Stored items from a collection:
____
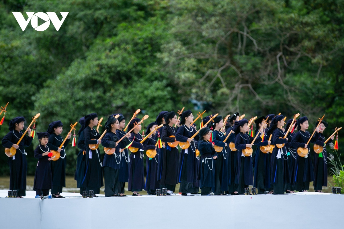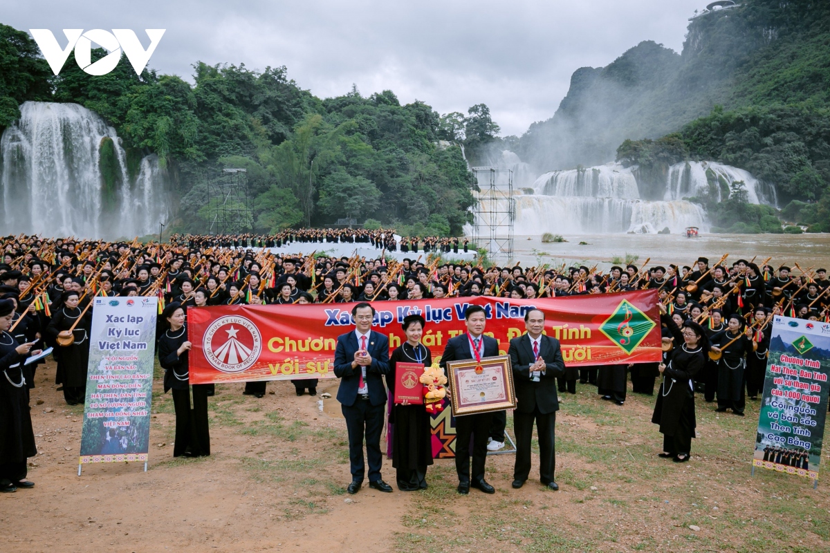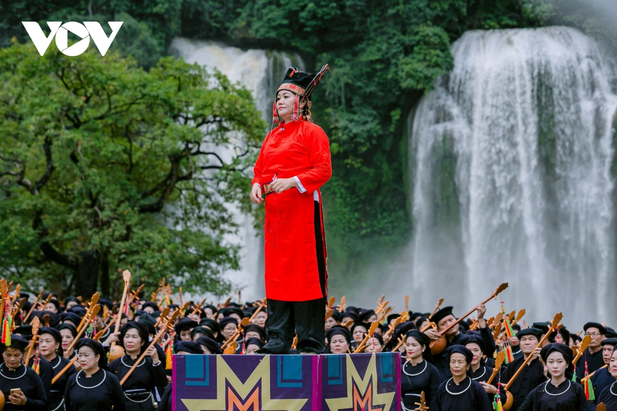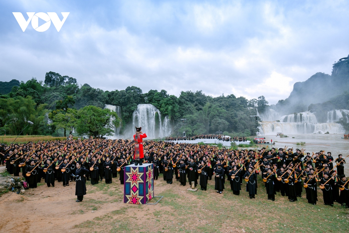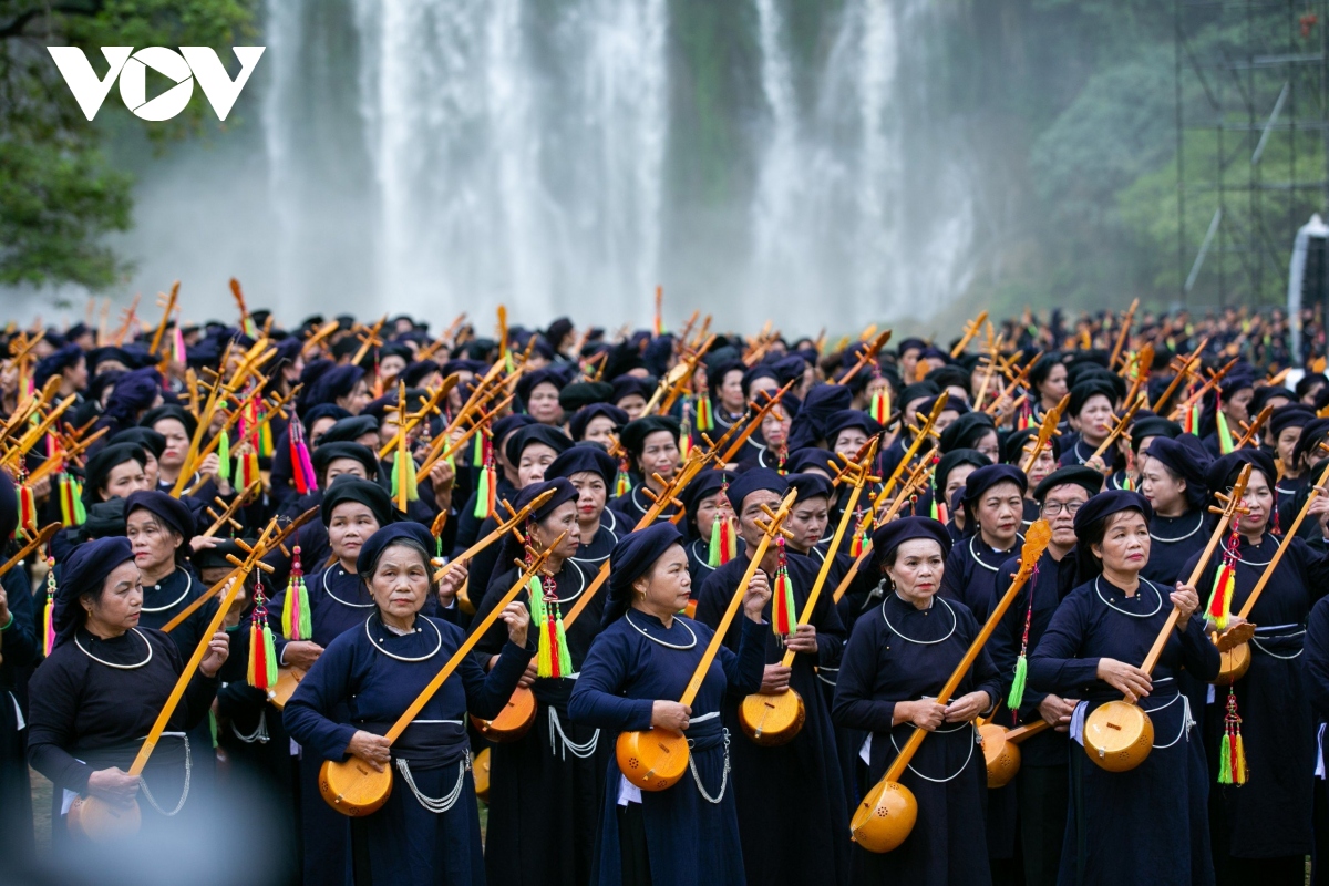 Bên dòng thác Bản Giốc hùng vĩ, 1.000 người gồm các nghệ nhân, người yêu nhạc dân tộc, học sinh, sinh viên… đủ lứa tuổi trong những bộ trang phục truyền thống Tày- Nùng đã cùng biểu diễn chương trình hát then đàn tính mang chủ đề “Cội nguồn và Bản sắc then tính Cao Bằng". |
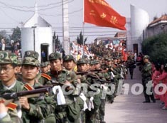 解放軍軍事經(jīng)濟(jì)學(xué)院的學(xué)員隊(duì)伍新春展開(kāi)行軍演練,途中在湖北省谷城縣受到百姓官員夾道歡迎。作者:王偉兵
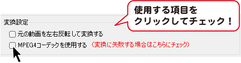 チェックを入れると、変換に使用するコーデックを変更することができます。
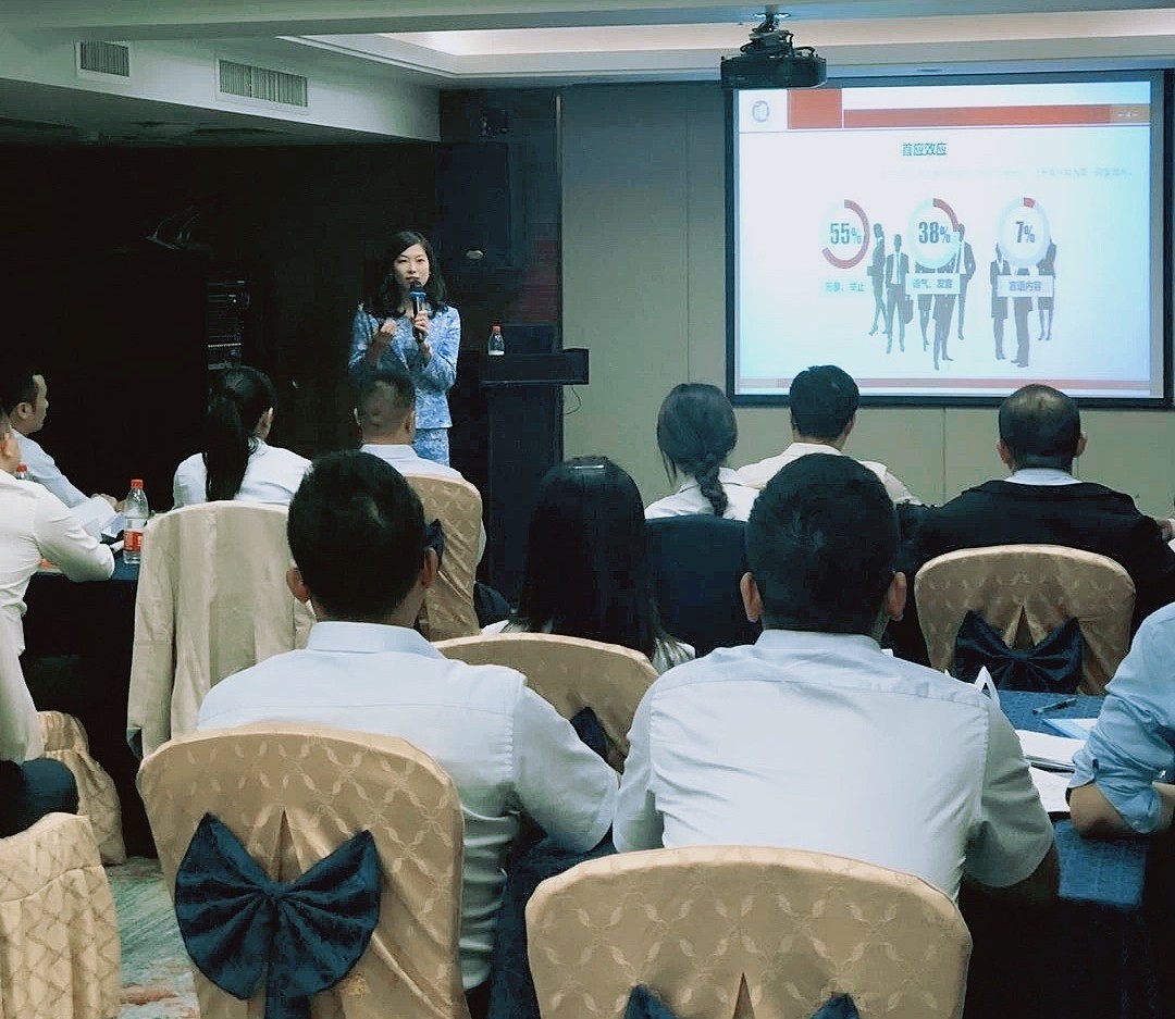 2020年10月26日,现代管理学院《商务沟通与礼仪》名师工作室王莉丽老师,作为福建省礼仪协会理事及讲师,受邀为英大人寿福建省分公司2020年精英特训营全体人员开展了一堂《沟通形象礼仪》培训课。本次课程以提升商务沟通能力与个人职场形象为目的,通过模块化的实操演练和案例研讨,强化学员的整体素质和服务水平,对该企业的服务质量和企业IP形象提升具有促进作用,得到礼仪协会及企业的好评。
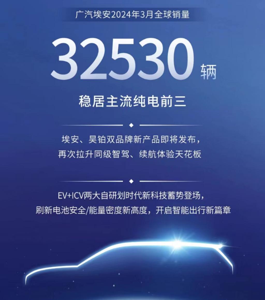 广汽埃安 3 月交付新车 32530 辆,环比增长 95.1%。埃安表示,埃安、吴铂双品牌新产品即将发布。1-3 月,埃安累计销量已达 74153 辆。
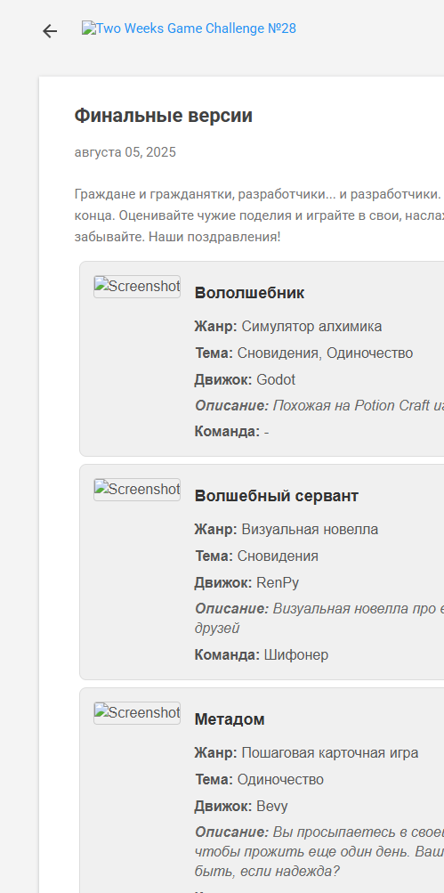 ГОЛОГЕЙМС читает тред? Нужно его мнение по поводу разных вещей, которые он ранее игнорил в тредах: 1) того, что серега засрал поиск по запросу "two weeks game" своим одноименным высером в стиме 2) юридический вопрос - по поводу того, что создание архивов игр конкурса незаконно, потому что авторы не давали на это право (до этого конкурса) 3) некомпетентность школьника-организатора, который неделю не мог оформить пост с финалками, и позвал в судьи своих одноклассников
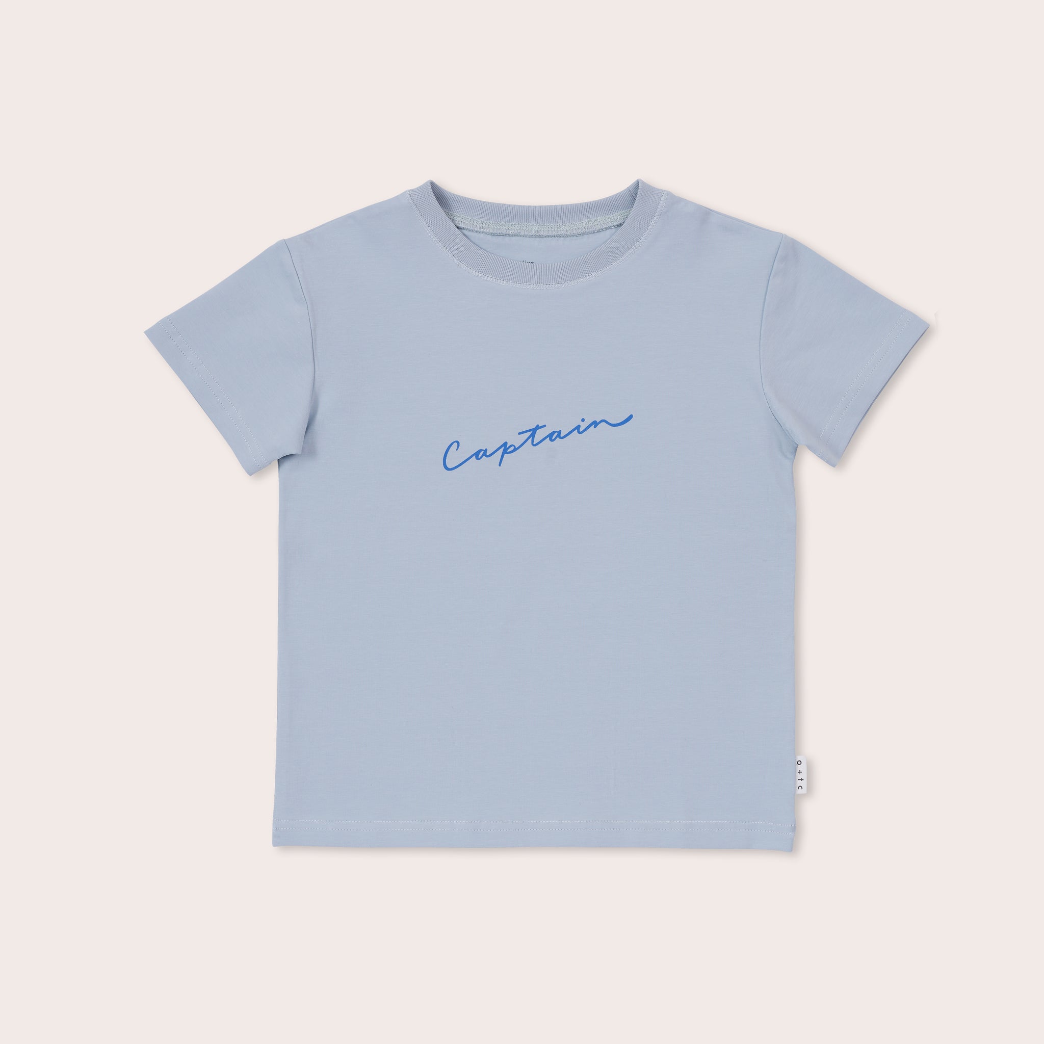 Our signature everyday tee- a relaxed classic cut tee in the perfect shade of blue, made for everyday wear with our signature handwritten 'captain' print in bold blue.
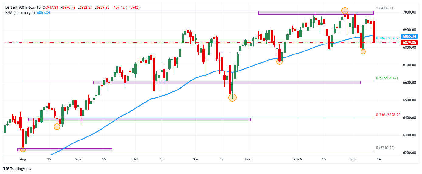 El S&P 500 reaccionó a la baja desde un máximo del día en 6.970, donde encontró vendedores agresivos que arrastraron el índice a mínimos del 6 de febrero en 6.822. Actualmente, el S&P 500 se desliza un 1.48% en la jornada del jueves, operando sobre 6.833.
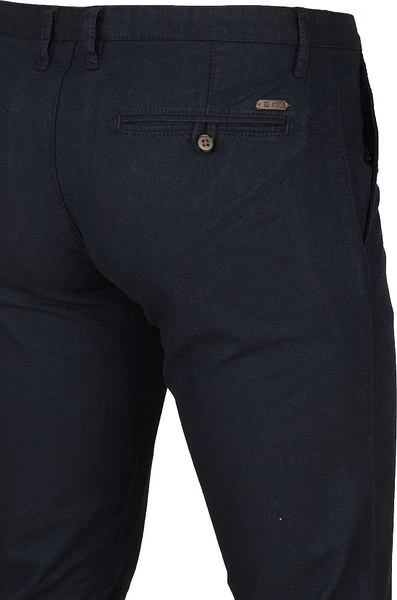 Met deze Locke chino van Suitable haal je zowel een stijlvolle als een comfortabele herenbroek in huis. De moderne chino heeft een stijlvolle donkerblauwe ‘Navy’ kleur met een subtiel all-over dessin. Daarnaast is de broek afgewerkt met een bruine knoop, een ritssluiting, twee steekzakken aan de voorzijde, coinpocket en twee klepzakken met knoopsluiting aan de achterzijde. Het Locke model zit tussen een chino en een pantalon in waardoor deze erg makkelijk te combineren is.
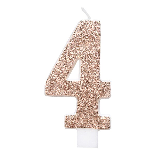 Unique Party Tårtljus Roséguld/Glitter Siffra 4
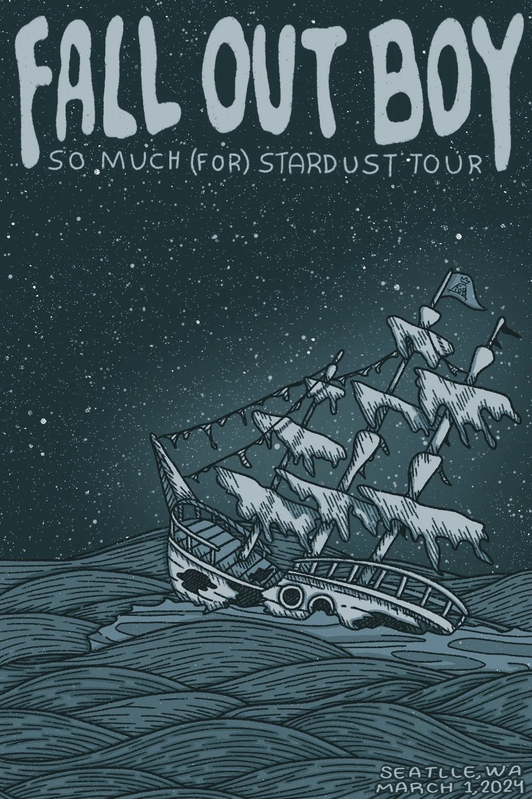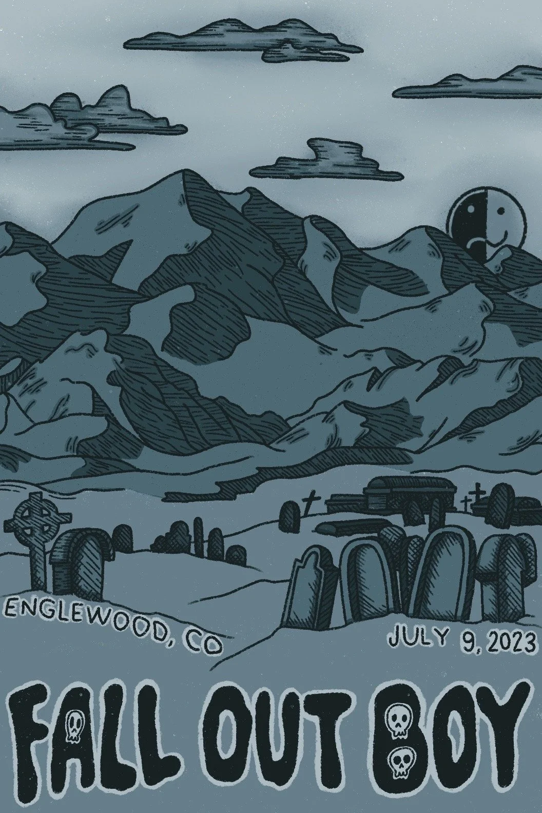 A poster design for two Fall Out Boy concerts, one in Englewood, CO, and the other in Seattle, WA (which is the concert I went to!). During the concert, they talked about how this new album they were touring for was about the inevitability of death and coming to terms with it. I wanted to incorporate that theme into my posters, while also including some recognizable Fall Out Boy icons.
____
Output exactly, and only, the lines of the entries above from the one with "チェックを入れると、変換に使用するコーデックを変更することができます。" up to and including the one with "广汽埃安 3 月交付新车"; pictures are to be left out.

REPLY:
 チェックを入れると、変換に使用するコーデックを変更することができます。
 2020年10月26日,现代管理学院《商务沟通与礼仪》名师工作室王莉丽老师,作为福建省礼仪协会理事及讲师,受邀为英大人寿福建省分公司2020年精英特训营全体人员开展了一堂《沟通形象礼仪》培训课。本次课程以提升商务沟通能力与个人职场形象为目的,通过模块化的实操演练和案例研讨,强化学员的整体素质和服务水平,对该企业的服务质量和企业IP形象提升具有促进作用,得到礼仪协会及企业的好评。
 广汽埃安 3 月交付新车 32530 辆,环比增长 95.1%。埃安表示,埃安、吴铂双品牌新产品即将发布。1-3 月,埃安累计销量已达 74153 辆。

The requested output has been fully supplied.